We will maintain our current pricing structure through this period of volatility.

We will remain American sourced and American made.

And we will not use global instability as justification to pass cost pressure forward.

Why This Is Possible

Most of the industrial economy is tied to oil. When supply is disrupted, cost escalation follows across lubricants, freight, and equipment operation.

Duravi is not tied to that system in the same way.

Our technology is not indexed to crude markets or refinery output. It is not exposed to the same supply constraints moving through global oil routes. We are, by design, decoupled from that volatility. Our feedstocks and core components are sourced directly from American farms and domestic businesses. That supply chain is shorter, more controlled, and not exposed to the same geopolitical chokepoints driving global price escalation.
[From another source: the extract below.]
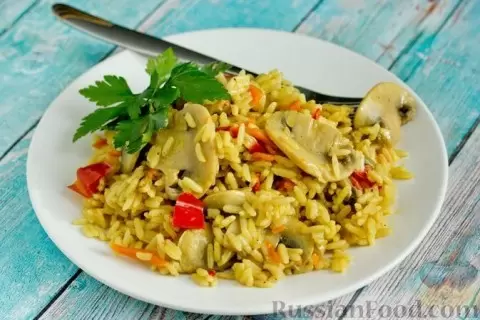 Еще один замечательный вариант – рассыпчатый рис с грибами, сладким перцем и сельдереем. Приготовленный на сковороде с добавлением чеснока и куркумы, он порадует не только вкусом, но и красивым цветом. Это блюдо станет отличной основой для вашего обеда или семейного ужина.

That distinction allows us to do something most cannot:

  • Hold pricing while others are forced to adjust

  • Maintain supply stability without reacting to oil shocks

  • Deliver performance without introducing new cost pressure

Our Commitment

Duravi will:

  • Maintain pricing discipline through volatility

  • Keep production domestic

  • Operate independently of oil-driven cost escalation

  • Focus on measurable efficiency gains where they matter most

This is not a temporary posture. It is how we are built to operate.

Sincerely,

Tommy Denning Jr.

Chief Executive Officer

Duravi, Inc.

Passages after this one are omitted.